Edit: The autovacuuming is finally complete and the server is back to normal. Sorry about the disruption! The main takeaway is that deleting a lot of data can have an aftershock effect on the database that's difficult to control. Next time I'll simply slowly delete the data over time, which will allow the autovaccum process to keep up.
As mentioned on Twitter, a maintenance operation is in progress in Joplin Cloud and in the meantime the server will not perform at full capacity.
What happened is that over the past several days I've migrated all the items (notes, resources, etc.) to S3 - that was a massive migration with over 200 GB of data and millions of items, but it all went very well without having to stop the service, and I don't think anyone even noticed.
So that went well, and today I thought I'll do the easy part which is to delete the now duplicate items (since they are on S3) from the database. Initially it went well but eventually it started slowing down, and even after stopping the deletion and restarting the service, the database was still working hard at 100% CPU.
What I've then discovered is that the Postgres autovaccuum process couldn't keep up with the deletions and as a result has been working hard on the database for the past few hours.

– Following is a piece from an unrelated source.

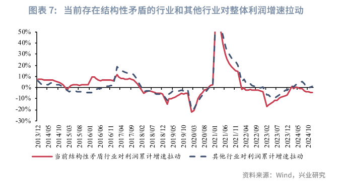 将视角转回至当下,我们进一步考察当前存在结构性矛盾的行业对整体利润和PPI增速的影响。根据前文的分析,当前存在结构性矛盾问题的行业主要为:农副食品加工、石油煤炭加工、化学原料及制品、非金属制品业、汽车、电气机械、电子设备7个行业。
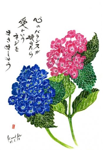 二色のアジサイ 花言葉「辛抱強い愛情」

I've now stopped deleting items so that Postgres can finish vaccuming, but it's taking a long time. I estimate it's about 40% done now, so it may take up to 2-3 more hours before it's fully done. In the meantime the service will unfortunately be slower and certain requests might fail - although despite the occasional failures, no data is being lost of course and your applications will simply retry later if sync fails.
I didn't expect that. I thought the hard part was done but that autovaccuming thing caught me by surprise and there's no easy way to stop it. So it's best to just let it finish and I'll investigate later how to delete the remaining data without this issue happening again.
I'll provide an update later on. Again apologies for any inconvenience!